3.Mengupayakan permufakatan antara kedua belah pihak dengan mempedomani ketentuan Perundang-undangan yang berlaku. Namun Surat dari Ketua DPRD Kota Bekasi yang dilayangkan kepada Walikota Bekasi tersebut, juga di tembuskan kepada Ketua Komnas HAM R.I, Ketua Ombudsman R.I, dan Gubernur Jawa Barat tidak dapat diindahkan oleh pemerintah Kota Bekasi, Pasalnya Ashari Kepala Bidang Pengendalian Ruang Dinas Tata Ruang Kota Bekasi beralasan dengan, “Surat ketua DPRD itu ditunjukan kepada Walikota, dan mungkin baru tadi malam. Buat kami surat perintah tugas yang pertama diberikan oleh Walikota itu menjadi bagian yang baku, sepanjang belum ada perintah selanjutnya, artinya perintah tersebut menjadi mengikat kami untuk melaksanakan eksekusi ini”, Jelas Ashari dalam wawancara kepada awak media.
Terkait sosialisasi yang di sesalkan mahasiswa dan warga setempat juga di bantah oleh Kepala Bidang Pengendalian Ruang Distaru Kota Bekasi, Di kutip dari Wartakotalive.com Ashari menyebutkan sebelum dilakukan pembongkaran pihaknya telah melakukan sosialisasi sejak 6 bulan lalu. Mulai dari tingkat RT/RW, Kelurahan hingga Kecamatan.
Tidak berhenti disini, media Suara Keadilan tetap menelusuri kejanggalan yang dimiliki mahasiswa dan warga setempat.

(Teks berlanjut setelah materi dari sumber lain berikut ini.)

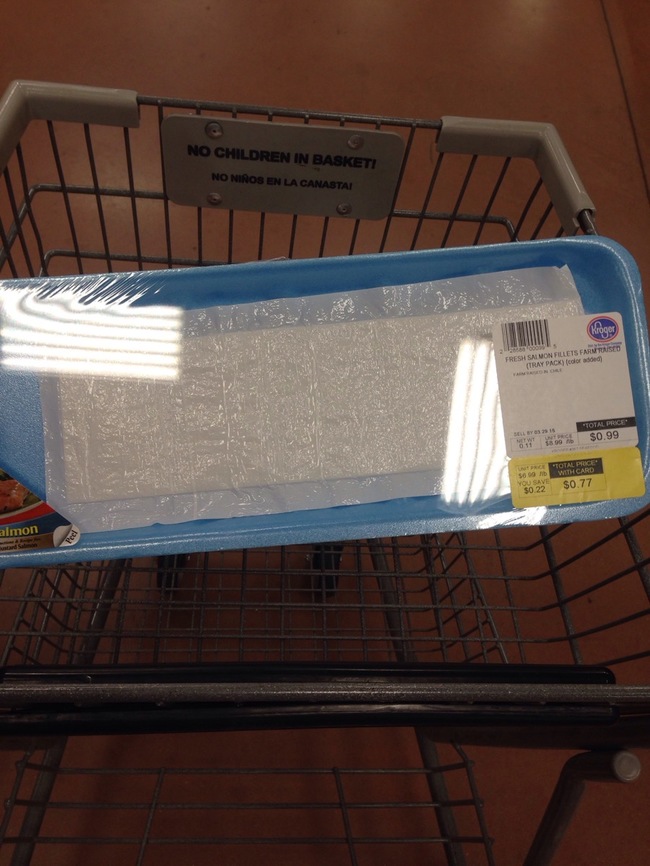 Der Beweis, dass Amis zum Lachs auch noch das Gewicht der Verpackung verkaufen. Und noch ein Super-Combo-Schnäppchen

Bantahan yang disebutkan Ashari terkait tidak adanya sosialisasi juga bertolak belakang dengan keterangan yang diberikan mashasiswa, pasalnya dimana mahasiswa bernama Rouf menyampaikan kepada media Suara Keadilan, “Sebelum Surat Peringatan itu, ada surat pemberitahuan dulu. Pemberitahuan bahwa akan adanya normalisasi di daerah sini, tapi pada kenyataan-nya yang terjadi disini, itu tidak ada”, Ucapnya menjabarkan proses tahapan yang seharusnya dilakukan pemerintah Kota Bekasi.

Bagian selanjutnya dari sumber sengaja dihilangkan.